Геня со вздохом взглянула на часы: но где Лиля? И тут позвонила Лиля.

- Она миллионерша. У нее дядя миллионер, и она единственная наследница. - С этими словами Геня пошла открывать дверь.

Лиля пришла с тортом, даже с двумя - другой на голове.

- Ах, какая прелесть! И ты сама приготовила? Давай сразу в холодильник. - Геня сразу взяла Лилю в оборот. - Давай, давай раздевайся… давай, давай проходи… давай, давай… - вспомнив про торт, - но ты же настоящая мастерица. Это же чудо… давай познакомься. Это…

Борис хитро улыбался, но молчал. Лиля, протянувшая было руку, Смутилась. Борина улыбочка говорила: я же знаю, что ты знаешь, а ты знаешь, что я знаю, но так уж и быть, давай поиграем в тили-тили-тесто.

- Борис очень похож на Пашку моего, такой же застенчивый, - вышла из положения Геня.

Пашка, только заслышав свое имя, как ядро влетел в комнату, стал прыгать вокруг матери и дурашливо кричать:

- Гы! Пашка-кашка! Пашка-кашка! - Он знал, что при посторонних он - "кашка".

- Ну, что ты, сыночка, ну, что ты, - ласково говорила Геня.
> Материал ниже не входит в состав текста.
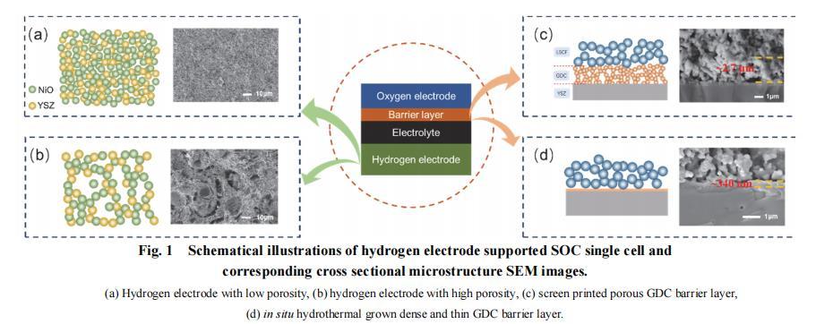 如圖1所示,還原后的小孔氫電極表現出亞微米尺寸海綿狀孔,主要由NiO還原為金屬Ni的過程中形成;相比之下,還原后的大孔氫電極還具有造孔劑燒蝕后形成的球形或橢球形不規則大孔,最大孔徑尺寸達到~20μm。在隔離層方面,絲印GDC為典型多孔結構,厚度為~2.7μm;水熱原位生長GDC隔離層則為致密薄膜,厚度為~340 nm。

- Я вовсе не застенчивый, - сказал Борис Лиле, все еще протягивавшей руку. - Вот скажите мне быстро: ноги в тесте.

- Зачем? - спросила Лиля и покраснела.

- И-го-го! - ржал Пашка, и вдруг точно так же заржал Борис.

"Вот бы их сейчас в Пашкину комнату", - подумала Геня.

Кварц щегольски припарковался, но, завидев человека с гитарным футляром, остался сидеть в машине. "Вайс", - сказал себе Шварц. А тот, поравнявшись с машиной, остановился.

- Ах, здравствуйте, милый Кава, - сказал он - так сладко, что на месте Кварца любой решил бы: пидор. - Со стороны нашей милейшей Евгении Исааковны…

- Иосифовны.

- Да-да, Иосифовны, конечно… очень мило было… - Нолик запнулся: что это он, в трех соснах… - очень мило было пригласить меня, старика, на роль Гименея. - Он произносил "Именея" и даже "Юменея", через eu: белая эмиграция, с боями отступал к Новороссийску, свободный Париж…

Сколько раз Кварц давал себе слово послать этого типа к бениной маме, и вот все повторяется: он сидит, ушами хлопает. Пролепетал:

- Не соблагоговеете ли принять помощь в отношении… в отнесении инструмента наверх?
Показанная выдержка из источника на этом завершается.